Last week, we received the official diagnosis for Isabella's brain cancer:
Glioneuronal neoplasm with anaplastic features (which is a type of anaplastic astrocytoma)
There is a clinical trial that specifically treats these malignant gliomas in young children, called Head Start (Phase 3). The protocol for this treatment calls for 4-5 cycles of chemotherapy (4 weeks apart), followed by a final week of extremely intensive chemotherapy. That final dose is so severe that Isabella will require a stem cell infusion to assist her recovery since her white blood cell count will end up being very low. If necessary, we will then use radiation to kill any remaining cancer cells. The purpose of this trial is to eliminate or reduce the requirement to use radiation since radiation has several long term side effects affecting intelligence, growth, and motor skills.
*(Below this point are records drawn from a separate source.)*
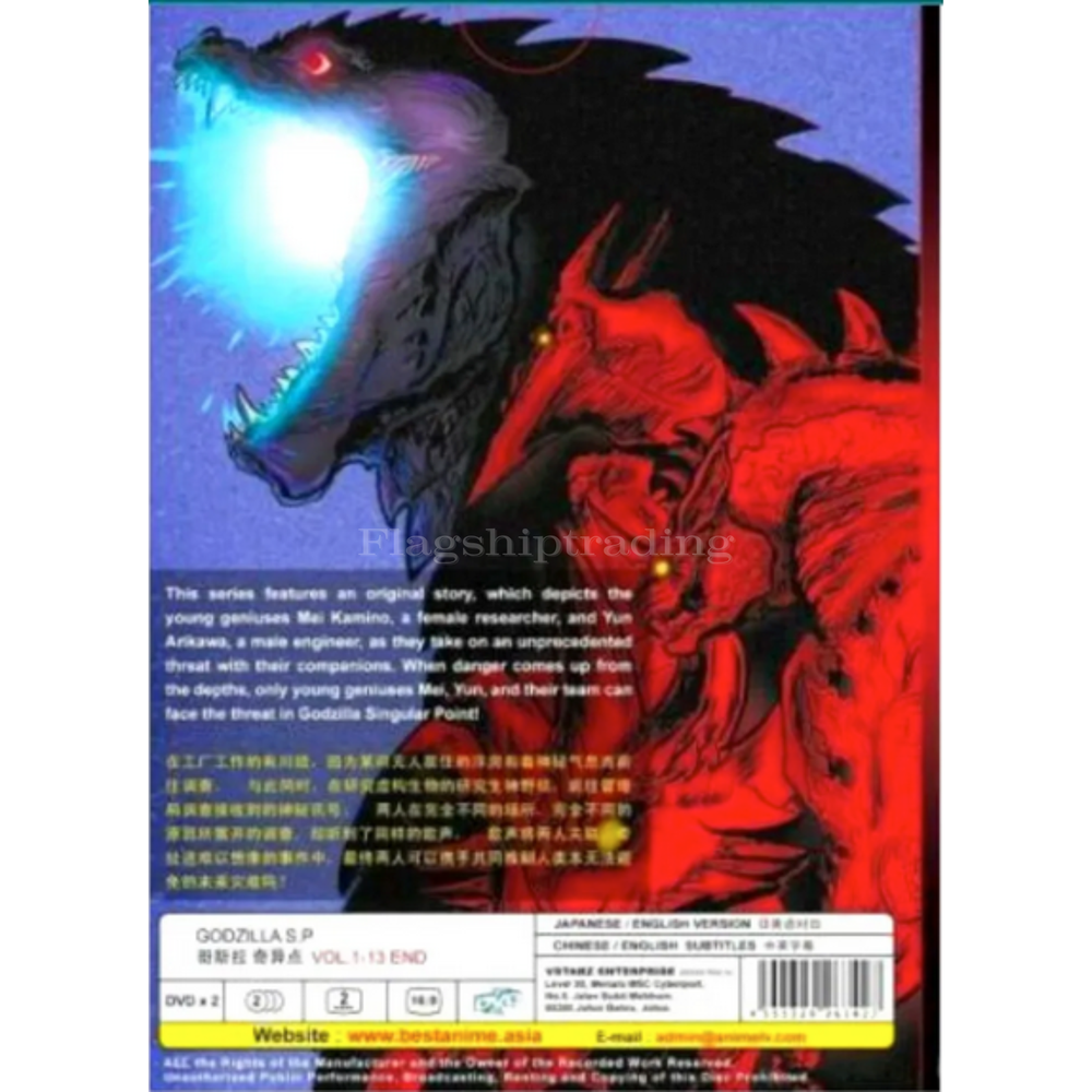 Created with Eselt - Responsive Templates for eBay Sellers Give us a call Send us a message Created with Eselt - Responsive Templates for eBay Sellers Our Store Seller Profile Feedback About us Contact Anime DVD Godzilla S.P/Singular Point Complete TV Series (1-13 End) PRODUCT INFORMATION: Title : Godzilla S.P/Singular Point Numbers of episode : 1 - 13 (End) Numbers of discs : 2 Language : Japanese / English Subtitles : English / Chinese Format : ALL Region Condition : NEW, Original & Licensed Item STORYLINE: This series features an original story, which depicts the young geniuses Mei Kamino, a female researcher, and Yun Arikawa, a male engineer, as they take on an unprecedented threat with their companions. When danger comes up from the depths, only young geniuses Mei, Yun, and their team can face the threat in Godzilla Singular Point! Payment Currently, we accept payment through eBay-managed payment. Shipping We are using standard shipping from the USA. Handling time is 1-3 working days. Your goods will be shipped with a valid tracking number. All products are packed, and layered with bubble wrap to reduce damages during shipment delivery. Estimate delivery is between 4 to 7 business days. Returns If you have any problem with the order, do contact us via eBay message. we are glad to assist you and solve the problem as soon as possible. Items can be returned within 30 days in a good condition. Other Note: Import duties, taxes, and additional charges are not included in the item price or shipping charges. Please be aware this custom import duties and taxes are buyer's responsibility Links Our Store Seller Profile Feedback About us Contact More items Are you looking for something similar? See our other items! Show more items Contact Give us a call Send us a message Created with Eselt - Responsive Templates for eBay Sellers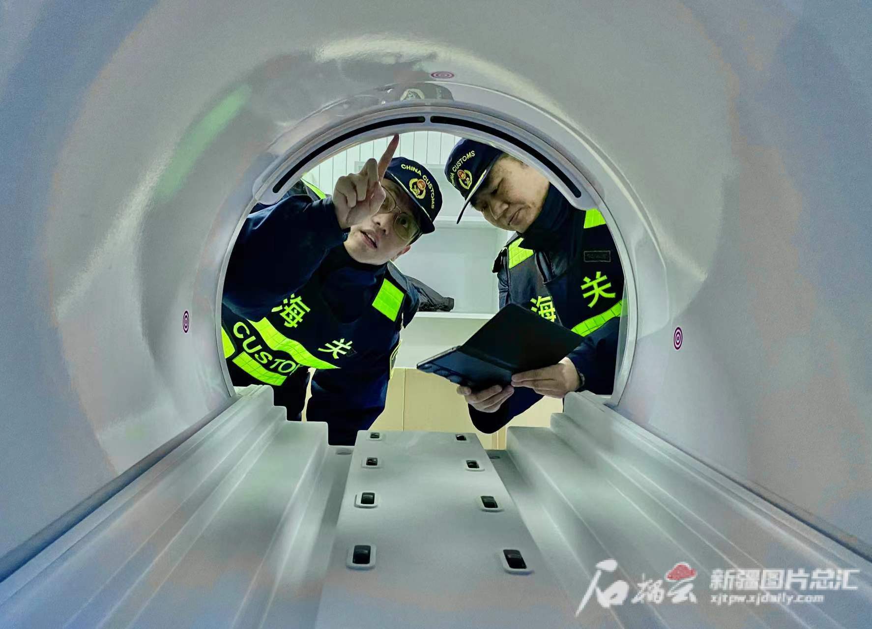 3月24日,石河子海关关员查验进口医疗设备。 谢浩 摄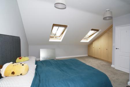 Main Bedroom Built into the shape of the roof with front aspect Velux windows. This delightfully light and spacious room has a central heating radiator with thermostatic valve, television aerial point with satellite facility and built-in wardrobes.
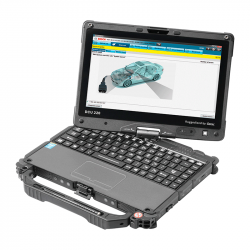в противоударном корпусе с защитой IP 65 и мощной начинкой от компании Bosch. Особенностью данного ноутбука является его легкая трансформация из ноутбука в планшет. Он был разработан специально для работы в условиях автосервиса, с его помощью можно управлять работой системного сканера или мотортестера. Имеет операционную систему Windows 10 Pro, твердотельный HDD 256Гб и оперативную память 8 Гб. Сенсорный экран DCU 220+ поддерживает два режима управления сенсором или пальцем.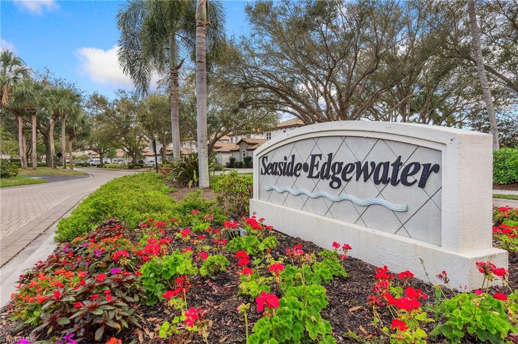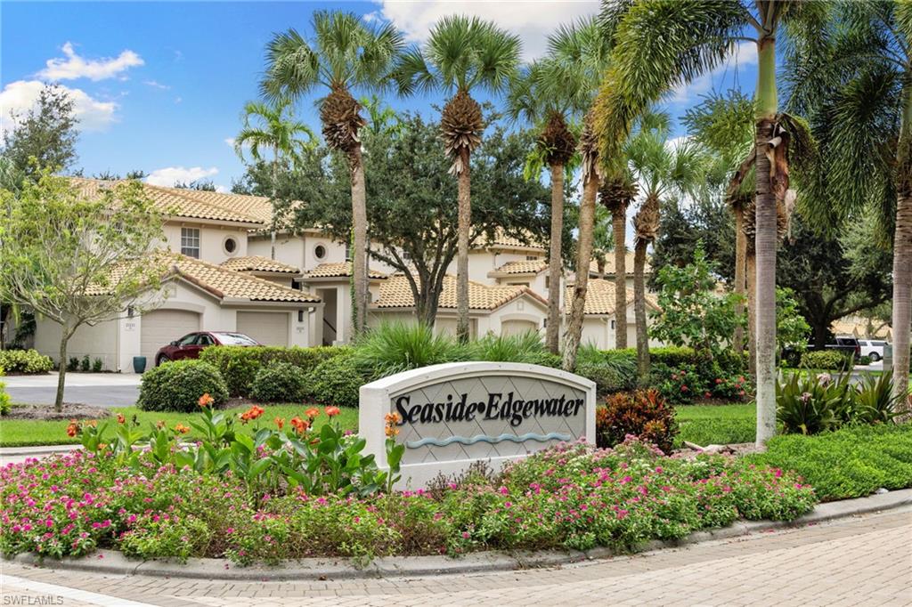 Move right into this immaculate second floor coach home in southwest Florida's premier bundled golf community, Pelican Sound. This home is furnished with coastal chic furniture, decor, and custom lighting, and offers a fairway view of the first hole on the Lakes course. The kitchen features updated counters, 42 inch cabinetry, glass backsplash, and pull out drawers. The serene primary suite offers a tray ceiling, lanai access, walk in closet, and updated bath with dual sinks, new tiled shower and seamless shower door. There is a pocket door to the hallway for the guest bedroom with adjacent guest bath offering fantastic privacy, and the third bedroom offers space saving pocket door, with a closet. This room is currently used as an office/den with a pull out couch. Other upgrades are plantation shutters throughout, large tile on the diagonal in living area, tiled lanai, newer washer and dryer with cabinetry in the laundry, new a/c in 2024, and electric hurricane shutter on lanai - making this home as functional as it is beautiful. Park your car or golf cart in the garage with epoxy floor! Brand New Roofs were just added to Edgewater II and New exterior lighting. Just move in and enjoy! If you are looking for an active lifestyle look no further: 27 holes of Championship golf, 14 pickleball, 8 tennis and 6 bocce courts. State of the art fitness center that is professionally staffed. Pelican Sound is nestled up to the Estero River with access to the Gulf. The community offers dry boat storage, kayaks, canoes and paddle boarding, along with a shuttle boat to Lovers Key State Beach Park. Minutes from RSW International airport and surrounded by fabulous shopping and restaurants. Start Living The Dream!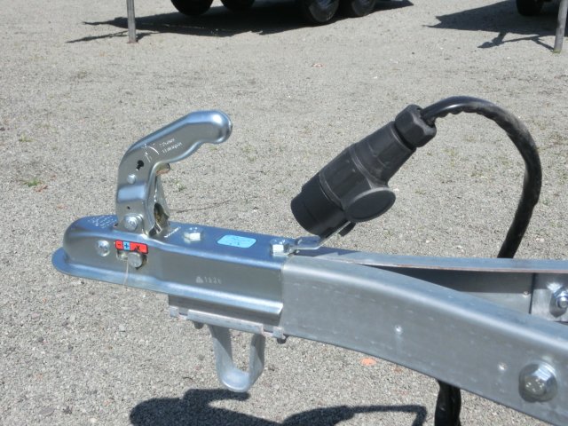 État et révision — Bon état général vérifié. Révision complète effectuée récemment. Éléments vérifiés: structure du châssis et intégrité générale absence de fissures ou déformations structurelles, parois latérales en aluminium état et solidité vérifiés, absence de corrosion confirmée, paroi avant rabattable mécanisme de rabattement testé, ouverture et fermeture fluides, verrouillage sécurisé vérifié, plancher sérigraphié état de la surface antidérapante et solidité contrôlés, timon en V état structurel et fixation au châssis vérifiés, absence de déformation, quatre œillets d’arrimage fixations robustes et absence de jeu confirmées, boutons de bâche état et fixations solides vérifiés, attaches à tension fonctionnement et élasticité testés, ailes en plastique état général et fixations contrôlés, pneumatiques profondeur de sculpture et pression vérifiées, usure homogène contrôlée, roulements de roues graissage et absence de jeu vérifiés, feux de signalisation et câblage électrique fonctionnement complet testé, prise 13 broches continuité électrique vérifiée, système d’attelage verrouillage sécurisé et absence d’usure excessive. Tests de charge et de stabilité effectués avec succès. Aucun défaut structurel majeur détecté.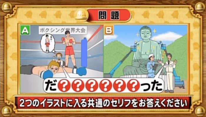 「だ??????った」。2つのイラストに入る共通のセリフを答えてください。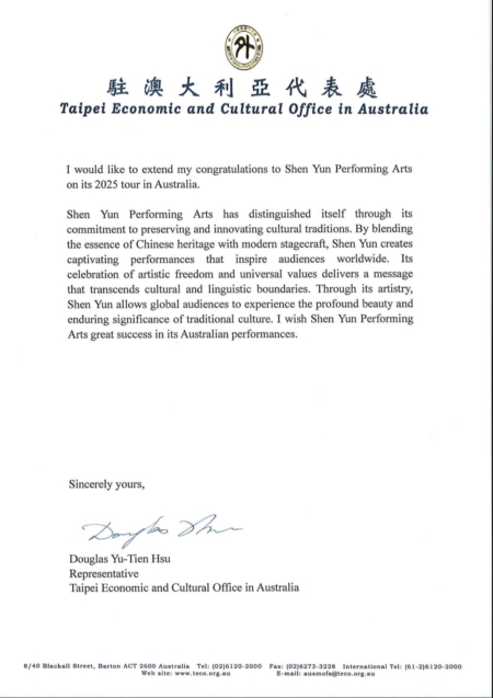 台灣,不僅承襲了中華神傳文化的深厚底蘊,更致力於弘揚傳統價值觀。適逢神韻藝術團訪問澳洲,駐澳洲台北經濟文化代表處代表徐佑典先生亦特致賀辭。

Once we received the diagnosis, we sent the MRI slides and pathology results to St. Jude's Children Research Hospital in Tennessee for a second opinion. Today, we received a frantic call from St. Jude's to ask if we've started chemo yet, and we told them no. It was supposed to start today, but was postponed another day because of Isabella's fever. Apparently, the pathologist from St. Jude came up with a different diagnosis:
Vascular ependymoma (most likely anaplastic)
They need to run some more tests to verify it, which will take a few more days. As such, we will be moving Isabella back to the Rehab center so they can continue with her therapy.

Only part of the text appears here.